The Obama administration's proposed $10.25 tax on each barrel of crude oil produced in the United States would be one of the biggest tax increases on gasoline in history, a report released Thursday showed.
Alaska Republican Sen. Lisa Murkowski, chairwoman of the Senate Energy and Natural Resources Committee, released a Congressional Research Service report showing historical increases in the federal gasoline tax in an attempt to put the oil tax in perspective. While the tax would be levied on oil companies, economists assume that oil companies would pass on the tax to consumers.
The tax could add between 20-25 cents per gallon, and the report shows that one-time increase would be the largest increase in the gas tax since it was passed in 1932.

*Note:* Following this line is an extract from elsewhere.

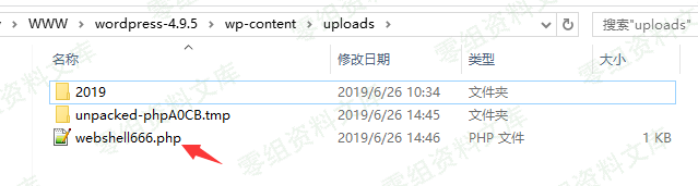 访问临时目录下的abc233.php文件即可在/wp-content/uploads目录下生成webshell。

The federal gas tax was raised 5 cents in April 1983 and December 1990, the biggest jumps in the climb from 1 cent per gallon in 1932 to the current 18.4 cents per gallon.
Murkowski pointed out that the increase from Obama's proposed oil tax would be bigger than the current federal gas tax.
"The administration's proposal is internally inconsistent and ambiguous, but if it was translated into an excise tax, it would be the largest increase in history," she said.
The House is set to vote Friday on a resolution expressing lawmakers' disapproval of Obama's proposed tax. The oil tax has not been included in any of the legislative budgets introduced into Congress and appears to not be playing a major role in the budget process.
Murkowski previously released a report from the Congressional Research Service, the nonpartisan policy research arm of Congress, that stated the oil tax would slow economic growth in the United States.
According to the report, the $10.25 tax on each barrel of oil would slow growth by about $320 billion over the next 10 years if it became law.
The Obama administration has not fleshed out many details of the proposed tax, such as what products made from a barrel of oil would be taxed and how much. A typical barrel of oil produces 19 gallons of gasoline and 12 gallons of diesel fuel when refined.
The service reported transportation and home heating costs would increase if the oil tax became law. Oil companies would be less likely to hire new workers and explore for new oil sources as well.